PearsonRResult(statistic=0.7546239297103, pvalue=1.817184238439732e-47)
SignificanceResult(statistic=0.724266383357056, pvalue=4.366810528478797e-42)

Matplotlib¶

Finally, it is important to know that the plotting performed by Pandas is just a layer on top of matplotlib (i.e., the plt package).

So Panda's plots can (and should) be replaced or improved by using additional functions from matplotlib.

For example, suppose we want to know both the returns as well as the standard deviation of the returns of a stock (i.e., its risk).
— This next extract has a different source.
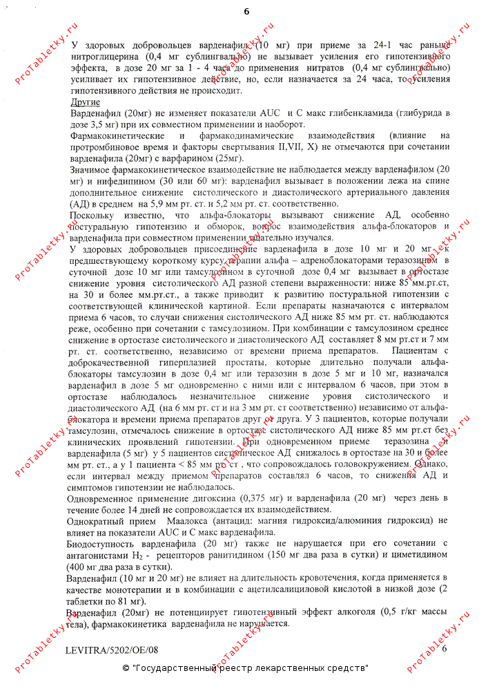 Исследования лекарственного взаимодействия Левитры проводились также у пациентов с доброкачественной гиперплазией предстательной железы (ДГПЖ), получающих стабильные дозы тамсулозина или теразозина. При назначении Левитры в дозах 5, 10 или 20 мг пациентам, получавшим стабильные дозы тамсулозина, дополнительного снижения среднего уровня АД не наблюдалось. При одномоментном приеме Левитры в дозе 5 мг и тамсулозина в дозе 0.4 мг у 2 из 21 пациента наблюдалась ортостатическая артериальная гипотензия с падением систолического АД ниже 85 мм рт. ст. При приеме Левитры в дозе 5 мг и тамсулозина с 6-часовым интервалом ортостатическая систолическая артериальная гипотензия с падением АД менее 85 мм рт. ст. развилась также у 2 из 21 пациента. В последующем исследовании одномоментное назначение Левитры в дозах 10 мг и 20 мг и тамсулозина в дозах 0.4 мг и 0.8 мг случаев ортостатического падения систолического АД ниже 85 мм рт. ст. зарегистрировано не было. При одномоментном назначении Левитры в дозе 5 мг и теразозина в дозах 5 мг или 10 мг у одного из 21 пациента наблюдалась симптоматическая постуральная гипотензия. При приеме Левитры в дозе 5 мг и теразозина с интервалом в 6 часов случаев падения АД не было. Полученные результаты следует принимать во внимание при решении вопроса о времени назначения препаратов.

Here is visualization of the result of such an analysis, and we construct the plot using only functions from matplotlib.

In [63]:
_ = plt.scatter(rets.mean(), rets.std())
plt.xlabel('Expected returns')
plt.ylabel('Standard Deviation (Risk)')
for label, x, y in zip(rets.columns, rets.mean(), rets.std()):
    plt.annotate(
        label,
        xy = (x, y), xytext = (20, -20),
        textcoords = 'offset points', ha = 'right', va = 'bottom',
        bbox = dict(boxstyle = 'round,pad=0.5', fc = 'yellow', alpha = 0.5),
        arrowprops = dict(arrowstyle = '->', connectionstyle = 'arc3,rad=0'))
No description has been provided for this image

To understand what these functions are doing, (especially the annotate function), you will need to consult the online documentation for matplotlib. Just use Google to find it.